Table 2. Data statistics
Table 3. Comparison with CWN

Then, we analyze the quality of the links established between Zhishi.me and BabelNet (with regard to the links to DBpedia, they have been inferred from the multilingual re-directions that Wikipedia contains, so we assume a high quality of such data). Among the 16,424 retrieved translation pairs between Zhishi.me and BabelNet, we select a random subset of 8,536 pairs and ask three students in our laboratory to manually check the quality. Since BabelNet has already provided “sameAs” links between different LRs, we only need to verify whether the Chinese terms in Zhishi.me could be aligned to the corresponding ones in BabelNet, which does not need the annotators to be proficient in all three languages. The experiment shows positive results with an extremely high precision (more than 0.98). After analyzing negative cases, we find that some resources in Zhishi.me may be associated with more than one lexical sense. Here, different lexical senses are included in one resource in Zhishi.me, while its corresponding senses are separated in BabelNet, which leads to a mismatch.

Finally, we compared Zhishi.lemon and CWN. Results are shown in Table 3. First, Zhishi.lemon focuses on translations at entity level instead of conceptual word alignment, as opposed to CWN. We believe that cross-lingual alignment among real-world objects will better benefit the LLOD community. Also, Zhishi.lemon achieves a larger scale in all the three types of elements, namely lexical entries, lexical senses and translations. In this sense, we are convinced that it will greatly help fill the gap between Chinese LRs and the LLOD cloud.

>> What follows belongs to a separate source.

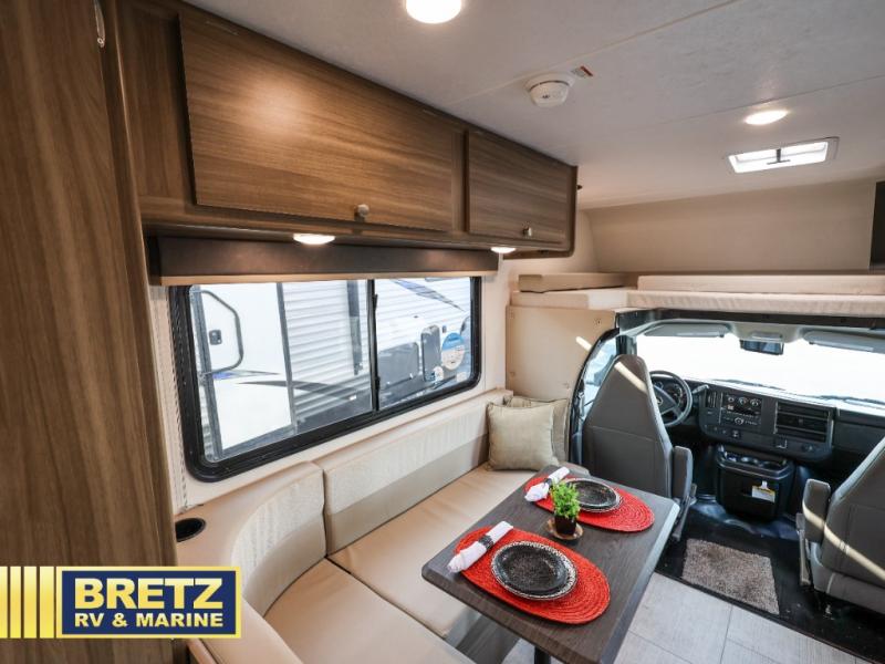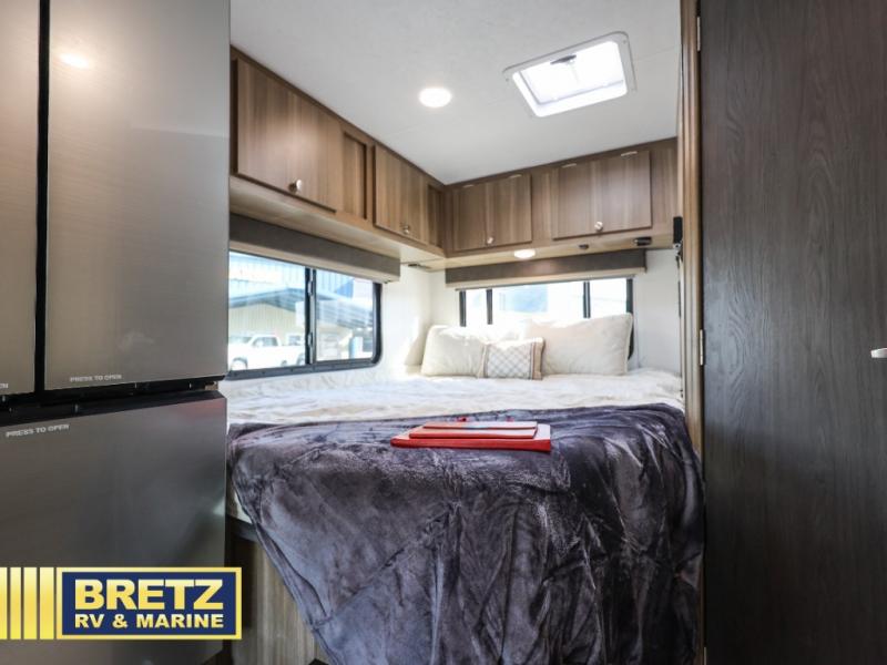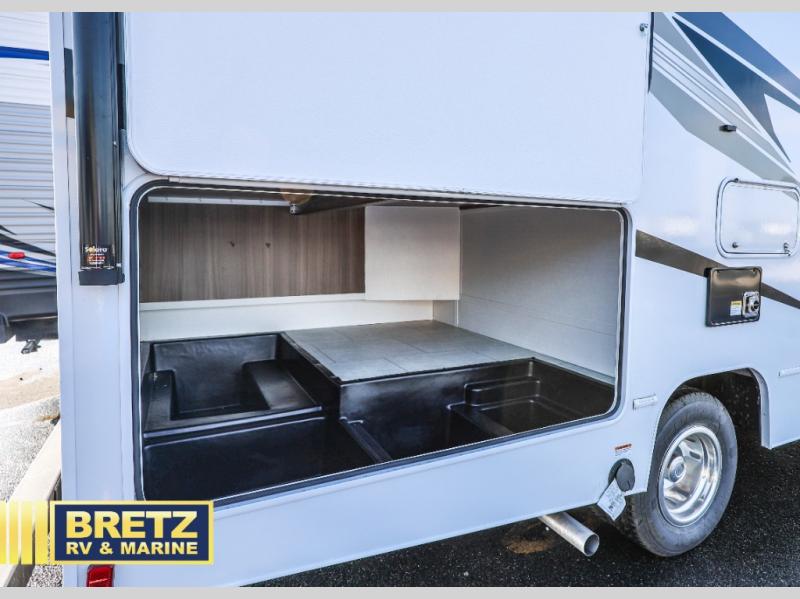 With any Freelander SS Class C gas motorhome by Coachmen, you will find a quality constructed coach for all your journeys. There is AlphaPly TPO seamless one-piece roof material and a max-length power awning with an LED light strip so you can enjoy evenings outdoors. You will also find a molded fiberglass front cap, a rotocast rear warehouse storage compartment, and an upgraded exterior safety grab handle. The mandatory SS Package includes a tankless water heater, running boards, and a towing hitch for your hauling needs. Head inside to enjoy the premium one-piece Thermofoil countertops and vinyl flooring, brushed nickle hardware, pleated night shades, and many more comforts.

5 Conclusion and Future Directions

In this paper, we introduced Zhishi.lemon, a newly developed dataset that constitutes the lexical realization of Zhishi.me. On the basis of the lemon core and its translation module, we built a linked data lexicon in Chinese, with translations into Spanish and English. Links to both DBpedia and BabelNet have also been created. Experiments showed the high quality of Zhishi.lemon, which makes it a promising starting point to respond to the lack of Chinese lexical resources in the LLOD cloud. In the future, we plan to transform more Chinese resources and integrate them into Zhishi.lemon. Identifying new translations to other prevalent languages would be another possible direction. Furthermore, we plan to leverage Zhishi.lemon to build more real-world multilingual applications.